Tag Archives | dr

Implementing Site-to-Site Replication with Coho SiteProtect

Now that I’ve given you a quick overview of the architecture of Coho SiteProtect, I’d like to provide you with the basics for implementing SiteProtect in your data center. This is the 2nd in my series of posts on our site-to-site replication offering. As I discover the best practices for deploying SiteProtect in various infrastructures and scenarios, I’ll document those here as well, so stay tuned for those…

Without further ado, here is the step-by-step set-up procedure for SiteProtect…

Pairing the Sites

The first step in setting up remote replication is establishing a trusted relationship from the local site to the remote site.
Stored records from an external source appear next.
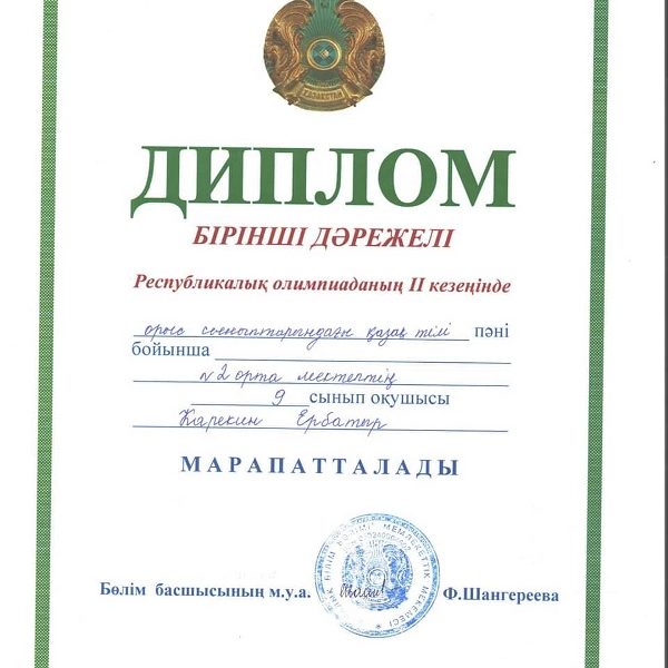 6,7 Желтоқсан аралығында Республикалық олимпиада өткізілді. Жалпы білім беретін #2 Жүмекен Нәжімеденов атындағы орта мектептің 9 сынып оқушысы Карякин Ербатыр орыс сыныптарындағы қазақ тілі пәні бойынша жүлделі І орын иеленді.
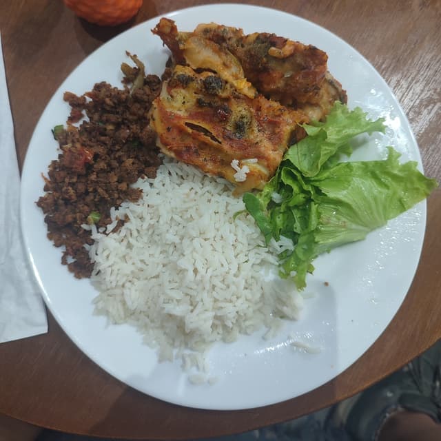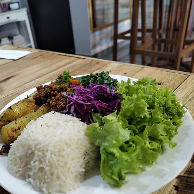 ericunga653 reviewsEl lugar ofrece comida vegana. El menú ejecutivo de ese día era arroz , papas asadas, lechuga, proteína de soja y repollo colorado. Muy rico y variado.Menú Ejecutivo
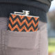 El Hip y el Purpurina de moda Chevron Look Flask. Este frágil matraz presenta un patrón de zag de chevron zig encima de un fondo de purpurina naranja de arte digital.
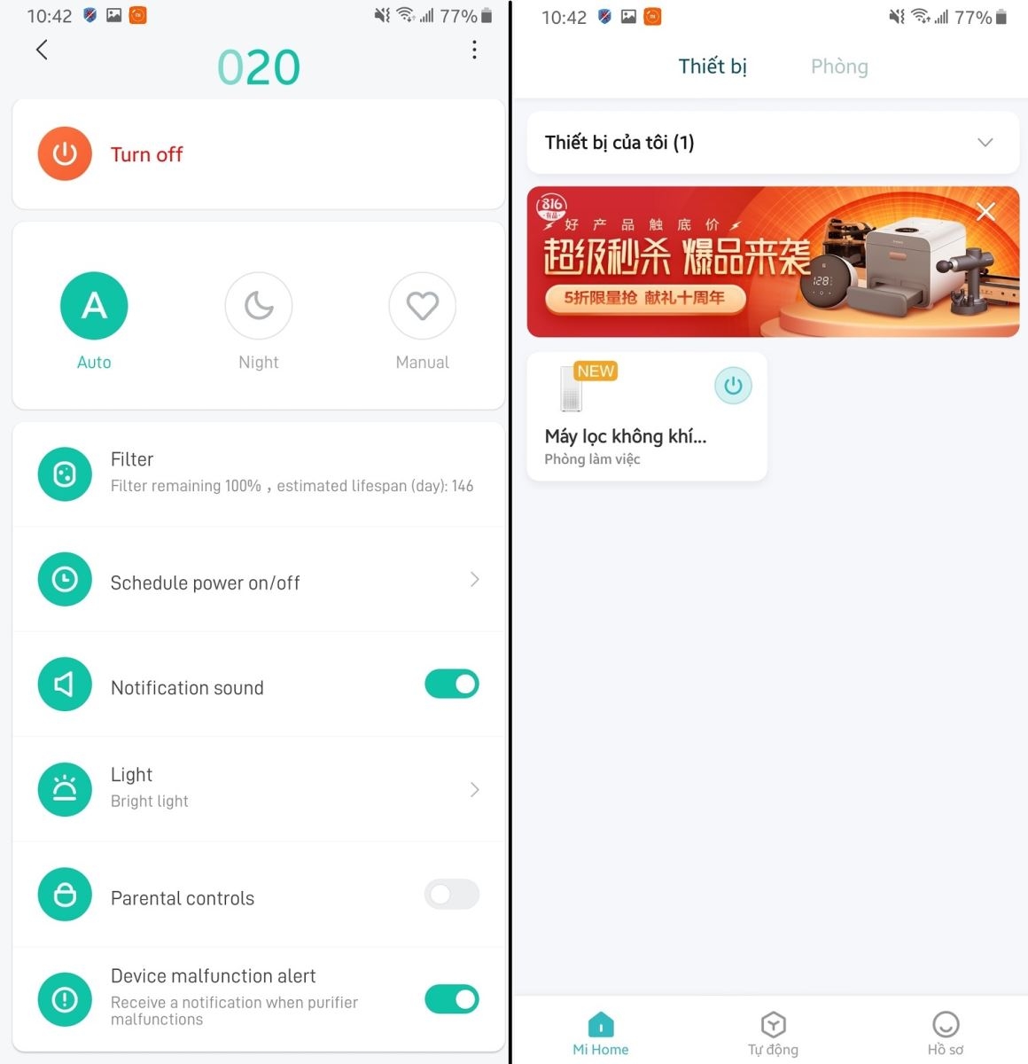 Trong Mi Home, bạn có thể chọn 3 chế độ sử dụng là Auto – Night – Manual cho máy lọc này. Độ mạnh của các cấp độ lọc sẽ tăng dần từ trái qua phải, với Auto máy sẽ chạy êm và cực nhẹ trong khi Night không hề phát ra tiếng ồn rồi cuối cùng Manual sẽ đẩy công suất của máy lên mức cao nhất. Tùy vào nhu cầu lọc nhiều hay ít, bạn có thể tự chọn chế độ phù hợp.
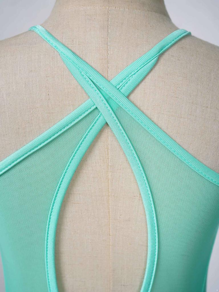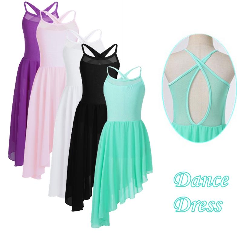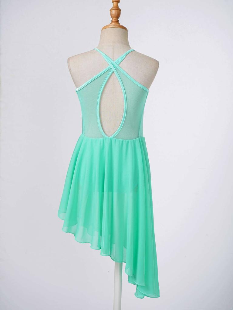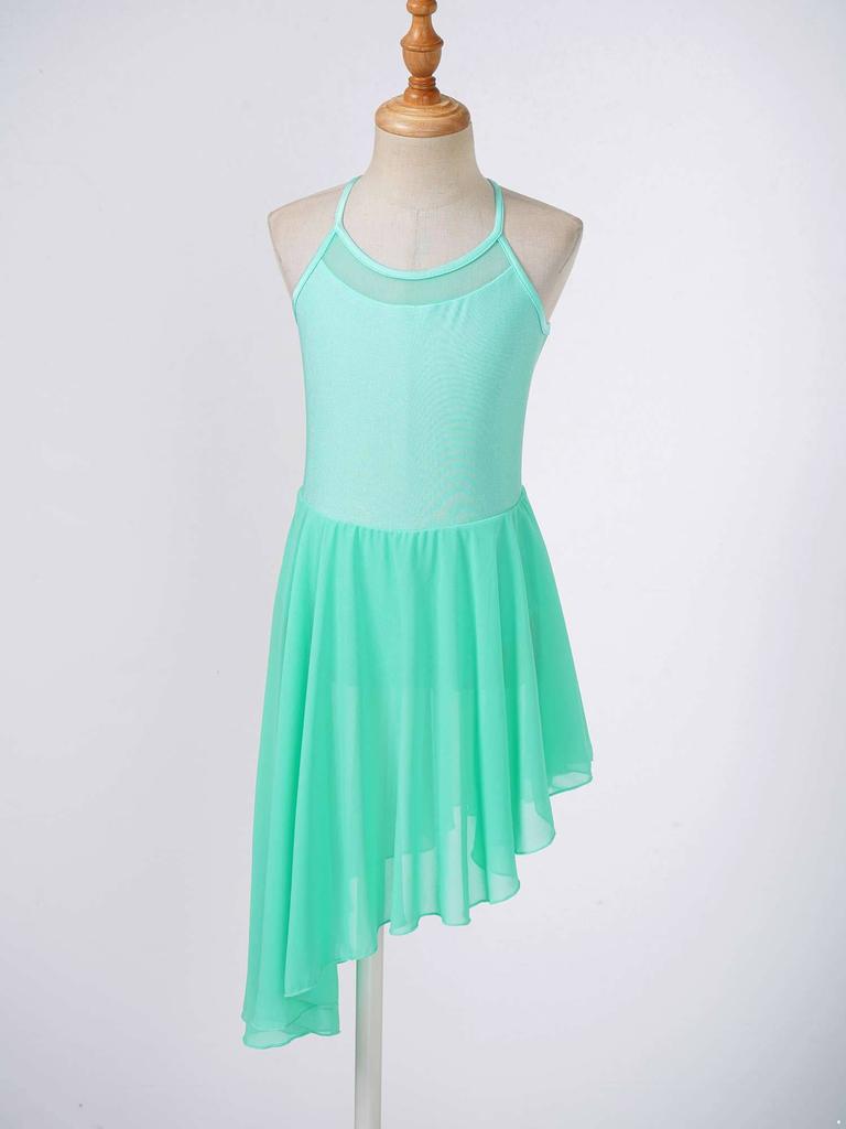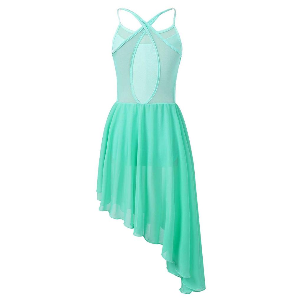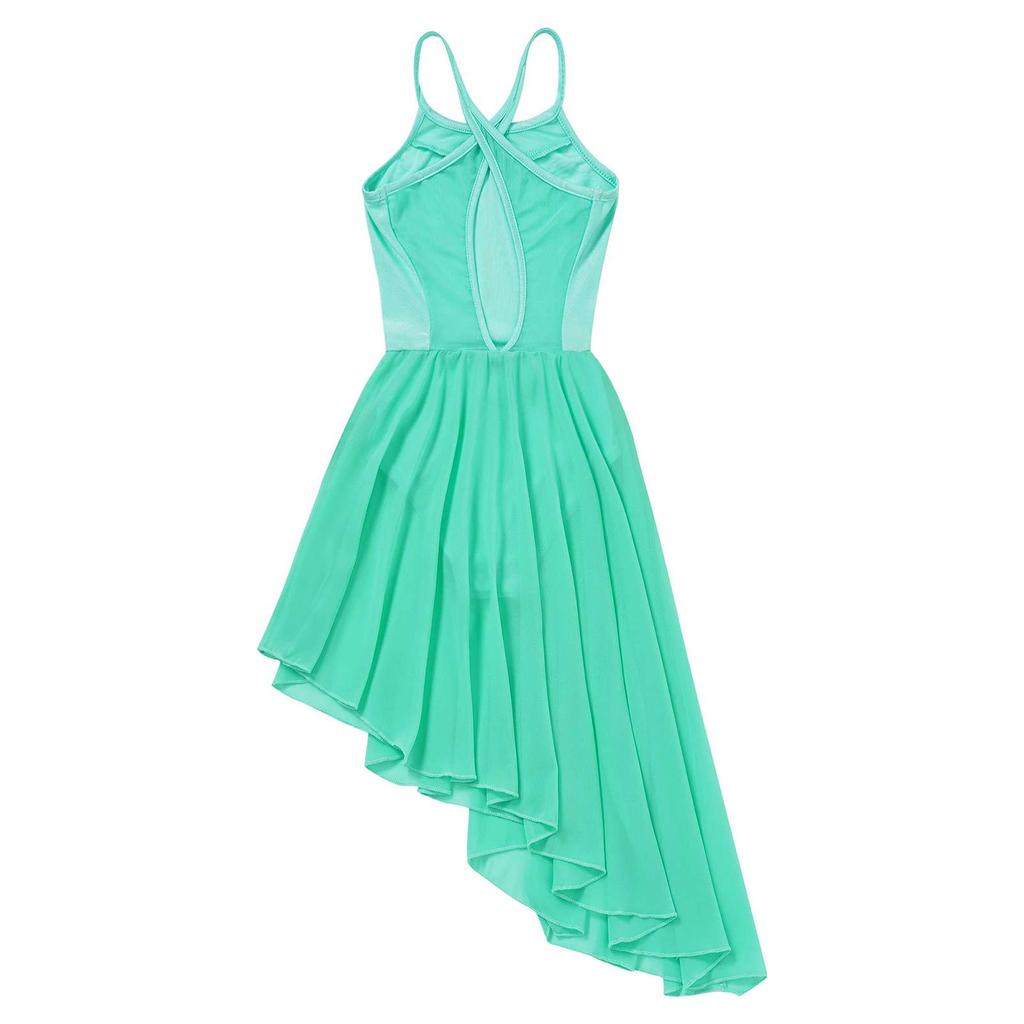 Лирическое танцевальное платье для девочек, сетчатое платье на бретельках с вырезом сзади, неровный подол, балетное танцевальное гимнастическое трико, платье
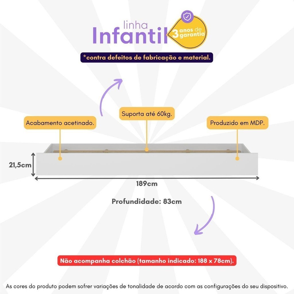 Cama Auxiliar para Colchão 78x188cm Cocadinha Multimóveis BB354
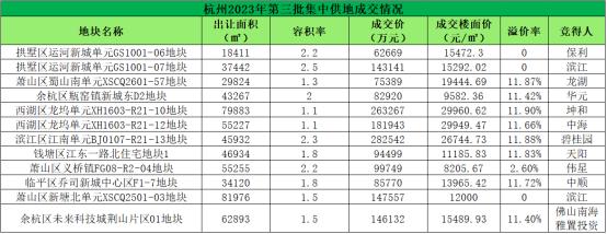 成交方面,杭州今年三个批次供地均实现100%成交率,平均溢价率分别为9.32%、10.35%、8.44%。
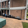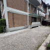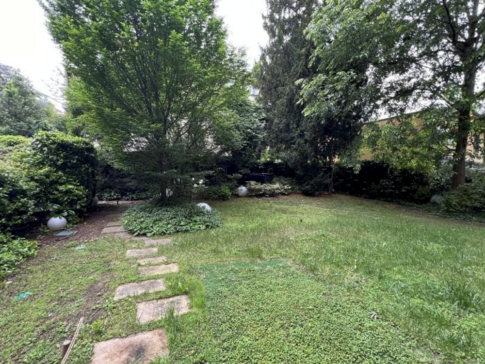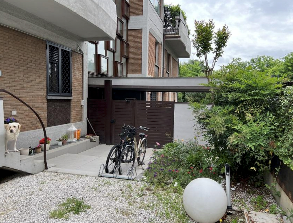 Accanto alla cucina si trova un piccolo disimpegno con l'unica porta-finestra che conduce alla seconda porzione di corte/giardino, dove è presente anche una scala in ferro che collega al piano interrato con lavanderia.
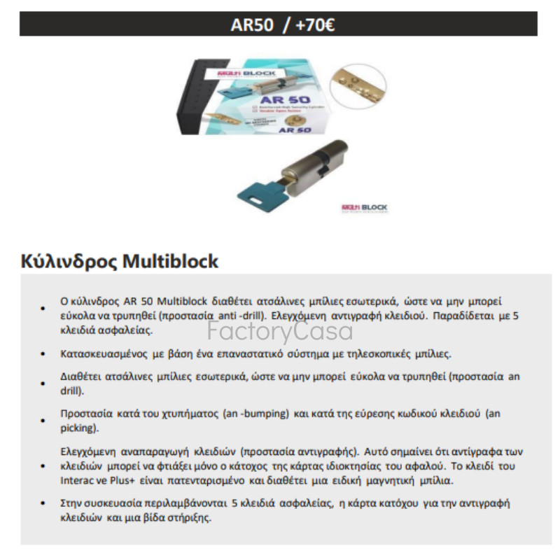 - Διπλή κλειδαριά με extra 1 πύρο : +180,00€

This is done from the Settings > Replication page in the Coho web UI, indicated by the gear (settings) icon (Figure 1).


Figure 1: Settings > Replication page

From here, click the “Begin replication setup” link which brings you to the configuration screen for the local site (Figure 2).


Figure 2: Settings > Replication > Local Site page

Here, you’ll specify the network settings for the site to site communication. It is worth noting that the replication traffic is sent on a VLAN to simplify network management for enterprise environments.

Here you can also configure bandwidth throttling for outbound traffic in case you need to limit the usage of the site to site interconnect. The same can be done on the remote site which means that both incoming and outgoing throughput can be controlled. Bear in mind that by limiting the traffic, you may increase the time it takes for a workload to finish replicating, in other words, increase the RPO.

Once that’s complete, you’ll click “Next” and specify the IP and password of the remote DataStream. Click “Next” again to proceed (Figure 3).


Figure 3: Settings > Replication > Remote Credentials page

Once the wizard confirms a connection to the other side, you’ll specify the remote system’s VLAN, replication IP address, and netmask, as well as the default gateway for the other side and click “Next” (Figure 4).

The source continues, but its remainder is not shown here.